** Data shown **
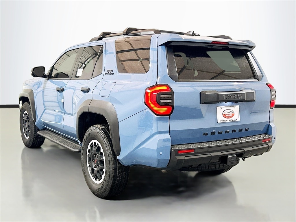 2026 Toyota 4Runner Heritage Blue 4WD TRD Off-Road Premium 8-Speed Automatic 2.4L 4-Cylinder 4WD, Black Artificial Leather, 15 Speakers, 4-Wheel Disc Brakes, ABS brakes, Air Conditioning, Alloy wheels, AM/FM radio: SiriusXM, Anti-whiplash front head restraints, Apple CarPlay/Android Auto, Auto High-beam Headlights, Auto-dimming Rear-View mirror, Automatic temperature control, Brake assist, Bumpers: body-color, Compass, Driver door bin, Driver vanity mirror, Dual front impact airbags, Dual front side impact airbags, Electronic Stability Control, Emergency communication system: Safety Connect (1-year trial), Exterior Parking Camera Rear, Front and Rear Molded Black 4Runner Mudguards, Front anti-roll bar, Front Bucket Seats, Front Center Armrest, Front dual zone A/C, Front fog lights, Front reading lights, Front wheel independent suspension, Heated and Ventilated Front Bucket Seats, Heated door mirrors, Heated front seats, Heated steering wheel, Illuminated entry, Interior D-Pillar Cargo Lights, Knee airbag, Leather Shift Knob, Leather steering wheel, Low tire pressure warning, Memory seat, Moonroof, Navigation System, Occupant sensing airbag, Outside temperature display, Overhead airbag, Overhead console, Panic alarm, Passenger door bin, Passenger vanity mirror, Power door mirrors, Power driver seat, Power passenger seat, Power steering, Power windows, Radio: 14" Audio, Rear anti-roll bar, Rear seat center armrest, Rear side impact airbag, Rear window defroster, Rear window wiper, Remote keyless entry, Security system, SofTex Seat Trim, Speed control, Speed-sensing steering, Split folding rear seat, Spoiler, Steering wheel mounted audio controls, Tachometer, Telescoping steering wheel, Tilt steering wheel, Tow Technology Package, Traction control, TRD Offroad Premium, Trip computer, Turn signal indicator mirrors, Variably intermittent wipers, Ventilated front seats, Wheels: 18" Matte-Black Painted, 4WD, Black Artificial Leather.
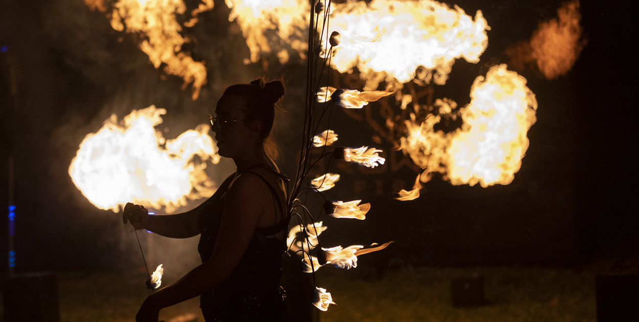 Potem rozpoczął się kulminacyjny i niezwykle widowiskowy punkt programu. Na polanie pod wzgórzem grupa GrowUp Fire zaprezentowała ogniowe show. Ten teatr ognia trwał około 20 minut, a występ bardzo spodobał się widzom, którzy show oglądali z dużym zaciekawieniem. Po występie na chętnych widzów czekała jeszcze niespodzianka. Mogli mianowicie wykonać sobie zdjęcie z artystami trzymającymi w rękach zapalone akcesoria. Atrakcja wzbudziła duże zainteresowanie, szczególnie wśród najmłodszych, a do zdjęcia ustawiła się długa kolejka.
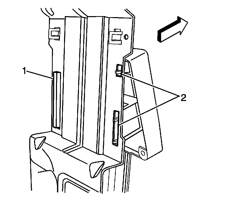 1. If replacing the BCM, install the mounting bracket on the BCM. Ensure the retaining tabs (1) are fully seated.
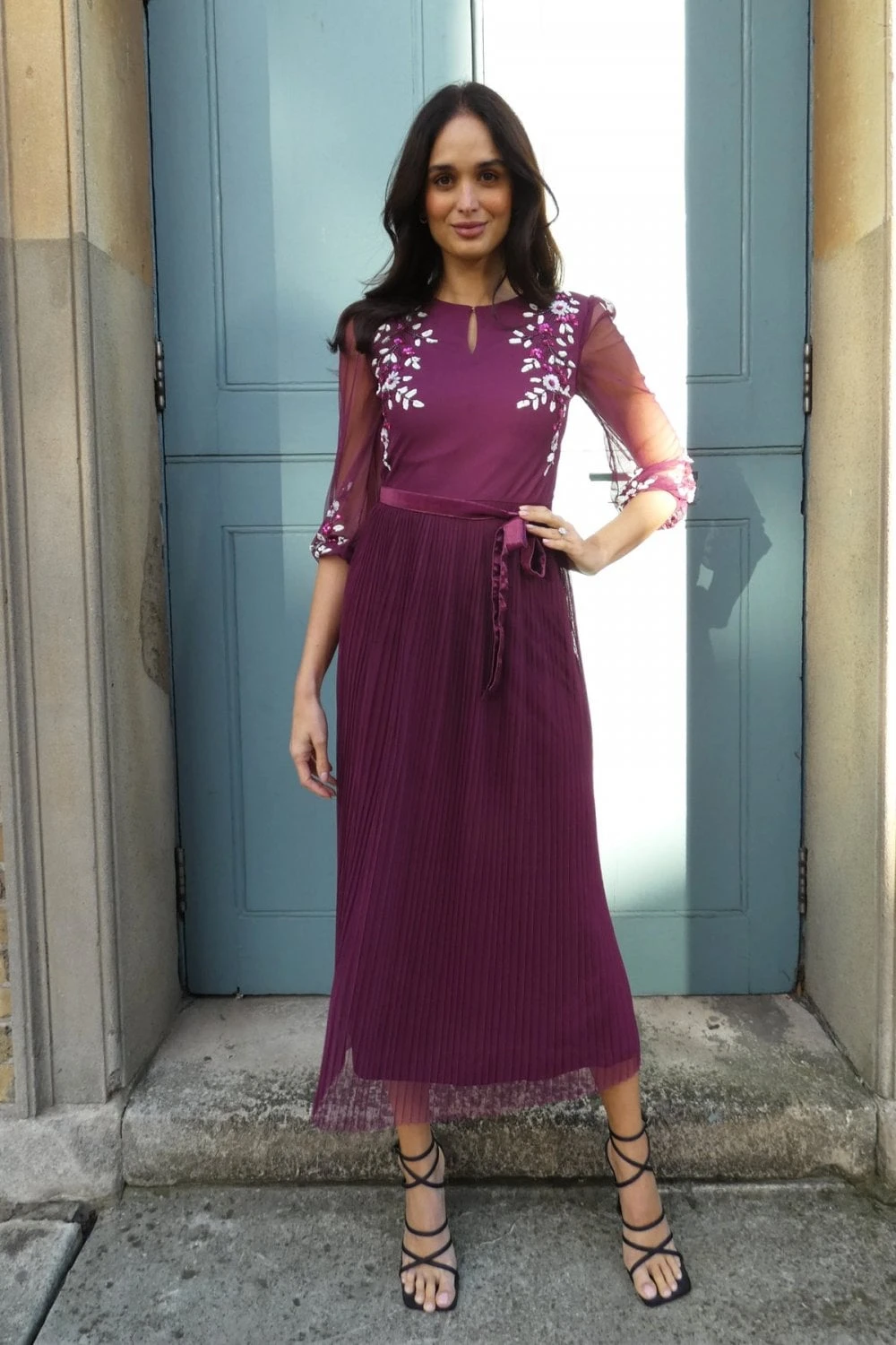 Stand out from the crowd in this stunning embellished midi dress. Features embellishment details on the bodice section and pleated skirt from waist seam great for your formal occasions this season.

** Activity **
An exact repetition of the listing is needed, with the pictures dropped.

** Solution for this problem **
 2026 Toyota 4Runner Heritage Blue 4WD TRD Off-Road Premium 8-Speed Automatic 2.4L 4-Cylinder 4WD, Black Artificial Leather, 15 Speakers, 4-Wheel Disc Brakes, ABS brakes, Air Conditioning, Alloy wheels, AM/FM radio: SiriusXM, Anti-whiplash front head restraints, Apple CarPlay/Android Auto, Auto High-beam Headlights, Auto-dimming Rear-View mirror, Automatic temperature control, Brake assist, Bumpers: body-color, Compass, Driver door bin, Driver vanity mirror, Dual front impact airbags, Dual front side impact airbags, Electronic Stability Control, Emergency communication system: Safety Connect (1-year trial), Exterior Parking Camera Rear, Front and Rear Molded Black 4Runner Mudguards, Front anti-roll bar, Front Bucket Seats, Front Center Armrest, Front dual zone A/C, Front fog lights, Front reading lights, Front wheel independent suspension, Heated and Ventilated Front Bucket Seats, Heated door mirrors, Heated front seats, Heated steering wheel, Illuminated entry, Interior D-Pillar Cargo Lights, Knee airbag, Leather Shift Knob, Leather steering wheel, Low tire pressure warning, Memory seat, Moonroof, Navigation System, Occupant sensing airbag, Outside temperature display, Overhead airbag, Overhead console, Panic alarm, Passenger door bin, Passenger vanity mirror, Power door mirrors, Power driver seat, Power passenger seat, Power steering, Power windows, Radio: 14" Audio, Rear anti-roll bar, Rear seat center armrest, Rear side impact airbag, Rear window defroster, Rear window wiper, Remote keyless entry, Security system, SofTex Seat Trim, Speed control, Speed-sensing steering, Split folding rear seat, Spoiler, Steering wheel mounted audio controls, Tachometer, Telescoping steering wheel, Tilt steering wheel, Tow Technology Package, Traction control, TRD Offroad Premium, Trip computer, Turn signal indicator mirrors, Variably intermittent wipers, Ventilated front seats, Wheels: 18" Matte-Black Painted, 4WD, Black Artificial Leather.
 Potem rozpoczął się kulminacyjny i niezwykle widowiskowy punkt programu. Na polanie pod wzgórzem grupa GrowUp Fire zaprezentowała ogniowe show. Ten teatr ognia trwał około 20 minut, a występ bardzo spodobał się widzom, którzy show oglądali z dużym zaciekawieniem. Po występie na chętnych widzów czekała jeszcze niespodzianka. Mogli mianowicie wykonać sobie zdjęcie z artystami trzymającymi w rękach zapalone akcesoria. Atrakcja wzbudziła duże zainteresowanie, szczególnie wśród najmłodszych, a do zdjęcia ustawiła się długa kolejka.
 1. If replacing the BCM, install the mounting bracket on the BCM. Ensure the retaining tabs (1) are fully seated.
 Stand out from the crowd in this stunning embellished midi dress. Features embellishment details on the bodice section and pleated skirt from waist seam great for your formal occasions this season.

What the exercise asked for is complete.